Nah loh. Pelik lah hidup ini hehehe ....
Jadi bagaimana kabar saya sekarang? Hmm ... yah lebih baik hahaha ... Mungkin setelah saya menetapkan bahwa "adikNYA" bukanlah kata milik, melainkan sebatas kata keterangan dalam silsilah keluarga bukan silsilah jalan kehidupan saya secara pribadi.
Apalagi setelah membaca tentang cara kerja otak masing-masing individu. Kakak saya (dan juga ibu saya) adalah orang yang menjadikan prestasi sebagai mesin bahagianya. Orang-orang seperti ini senang mencapai sesuatu yang terbaik dan berharap diapresiasi, terutama oleh orang-orang terdekatnya. Sedangkan saya banyak menggunakan otak tengah, alias bisa semuanya tapi tidak jagoan. So, terimalah nasibmu, naaak. Cara kerja saya terbalik, apa pun hasilnya, yang penting progresnya membuat saya bahagia. Jadi menyandingkan kakak saya dalam sisi mana pun, apalagi dengan kacamata orang kebanyakan, tentulah saya kalah di mana-mana. Udah kalah, tidak bahagia pula.

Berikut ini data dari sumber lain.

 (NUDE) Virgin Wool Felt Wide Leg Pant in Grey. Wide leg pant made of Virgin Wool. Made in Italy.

But it doesn't mean I hate her. Wong dia yang ngasuh saya. Saya hanya perlu menerima diri saya apa adanya. Dan berbahagia atas apa pun yang diraih kakak (dan abang-abang) saya.

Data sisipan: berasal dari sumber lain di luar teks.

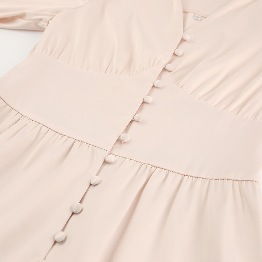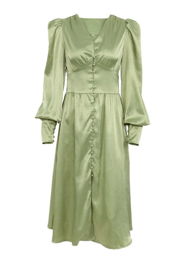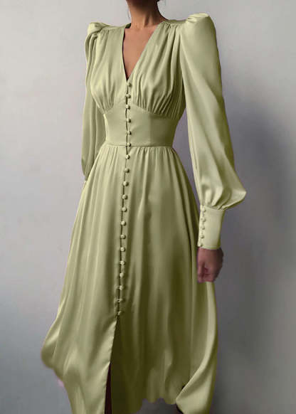 Slim Fit Green V Neck Wrinkled Silk Maxi Dress Puff Sleeve
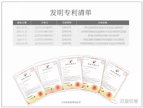 “雙童”擁有的專利證書多達(dá)一百多項(xiàng),占全球吸管行業(yè)的三分之二!
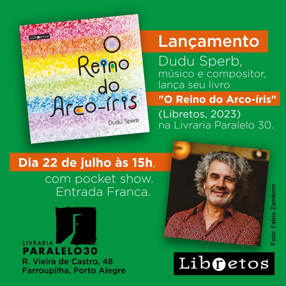 O lançamento do livro "O Reino do Arco-íris" será no sábado, dia 22 de julho, às 15h, na Livraria Paralelo 30 (Rua Vieira de Castro, 48), com um pocket show do artista.
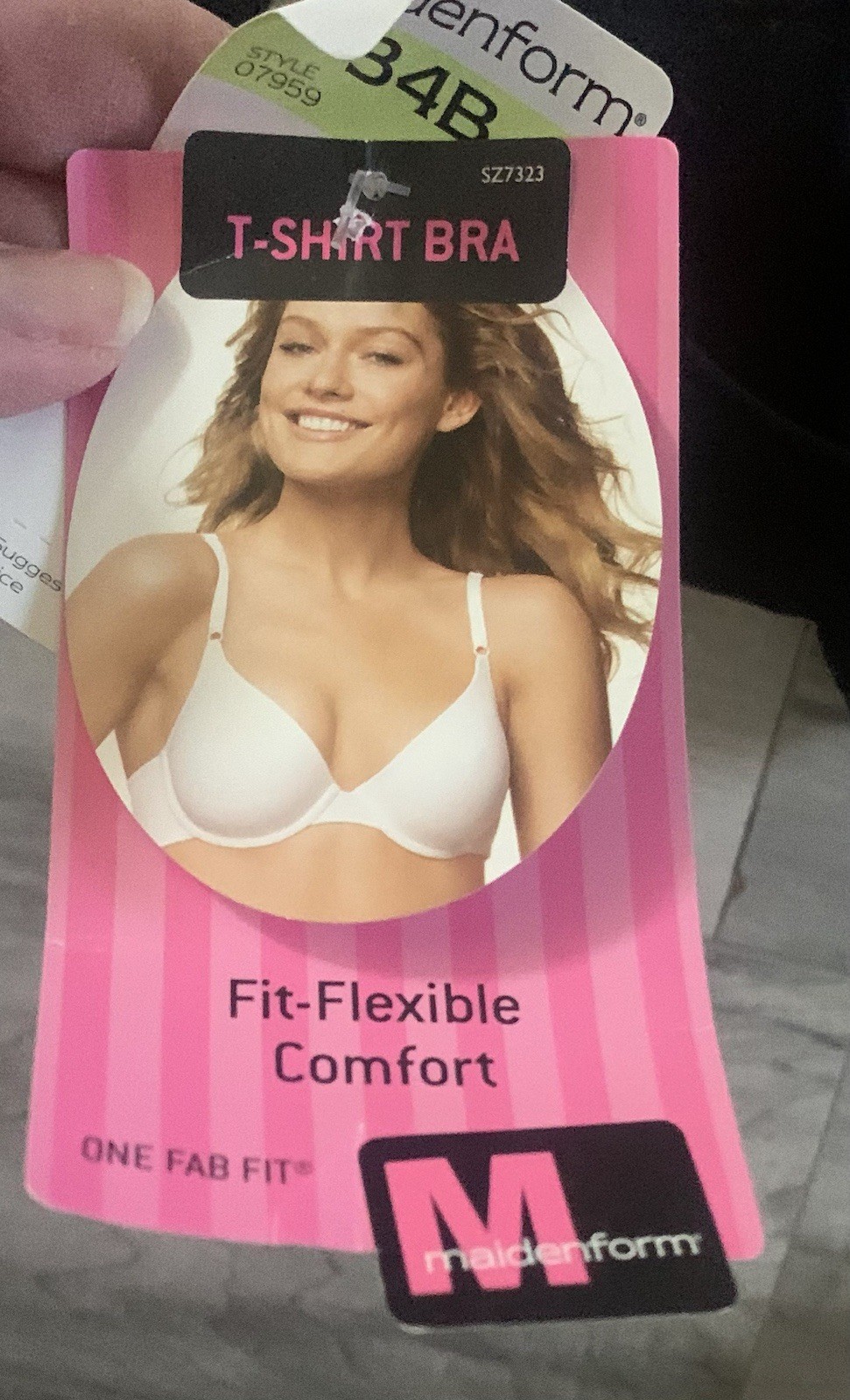 Maidenform Padded Underwire T Shirt Bra Fit Flexible Comfort Black Sz 34b
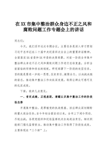 【七哥公文】2025年:在XX市集中整治群众身边不正之风和腐败问题工作专题会上的讲话+更多免费公文+VX:QiGeGongWen2024
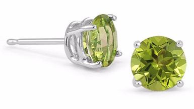 Peridot 8mm 4.0 tcw Classic Stud Earring 14K White or Yellow Gold

Bagaimana dengan anak-anak?
Hmm, saya suka bingung sebenarnya. Misalnya: ga mau si bungsu dapat baju lungsuran terus (pengalaman pribadi), tapi baju kakak-kakaknya banyak yang masih bagus (mak irit lah). Ga pernah membandingkan, tapi anaknya minta disama-samain melulu, kalau ga disamakan dibilang ga adil. Hadooooh. Ini masih mending si bungsu belum bisa ngomong bener.
Saya jarang kasih pujian but I said thank you karena saya merasa semua anak itu terlahir hebat.
Ketika si sulung memberikan hasil ulangannya, yang saya cari letak kesalahannya. Coba ya, Amiiiii ....
Ketika saya tanya, "kok ini bisa salah?"
"Iya, lupa" Jawabnya
"Kok bisa lupa?" Si Ami mulai nyebelin.
"Ya namanya juga orang, emang ga boleh salah?" Nah loh.
Saya pusing deh. Saya sih pasrah lah kalau suatu hari anak3 saya pada komplain tentang berbagai kesalahan saya dalam pengasuhan. Eh, sekarang juga sudah sih. Hehehe .... Namun, dengan segala kekurangan saya, selalu berharap bahwa Tuhan selalu memberi perlindungan dan berkah pada anak-anak saya dan seluruh anak-anak di bumi. Untuk menjadi yang terbaik dari diri mereka, bagaimana pun orangtuanya.
You don't have to be the best, but do your best and be happy.